**Task to carry out**
Starting with the line containing "А насчет зубов" and going on through the line containing "sborník prací věnovaných", return the lines of the data below exactly, and only those.

**Data supplied**
::::

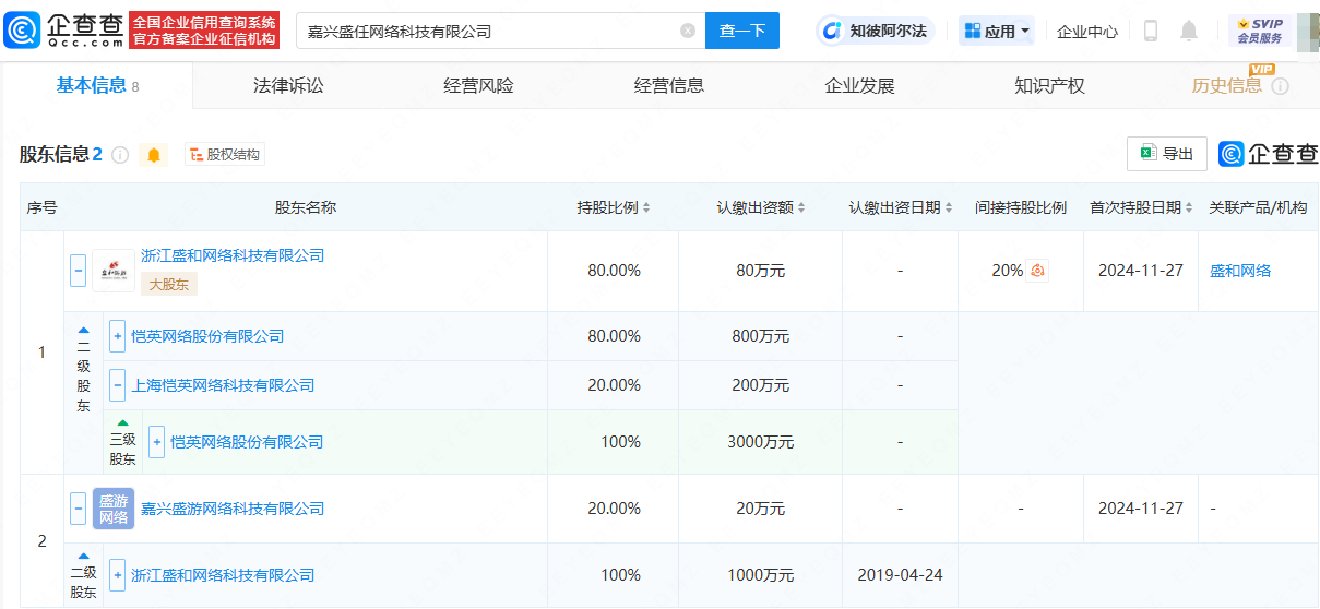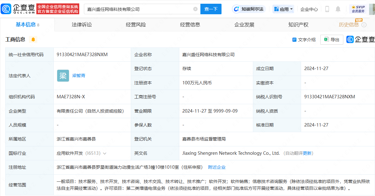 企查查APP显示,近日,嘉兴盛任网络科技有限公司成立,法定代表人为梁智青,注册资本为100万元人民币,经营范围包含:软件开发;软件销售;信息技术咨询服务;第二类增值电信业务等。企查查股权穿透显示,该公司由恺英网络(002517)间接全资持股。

::::

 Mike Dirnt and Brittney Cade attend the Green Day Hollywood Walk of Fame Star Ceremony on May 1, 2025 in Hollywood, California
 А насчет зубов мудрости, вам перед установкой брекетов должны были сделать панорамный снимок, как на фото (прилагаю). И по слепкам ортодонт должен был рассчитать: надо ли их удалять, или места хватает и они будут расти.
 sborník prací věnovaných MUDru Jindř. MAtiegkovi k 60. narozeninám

::::

**Answer to the exercise**
 А насчет зубов мудрости, вам перед установкой брекетов должны были сделать панорамный снимок, как на фото (прилагаю). И по слепкам ортодонт должен был рассчитать: надо ли их удалять, или места хватает и они будут расти.
 sborník prací věnovaných MUDru Jindř. MAtiegkovi k 60. narozeninám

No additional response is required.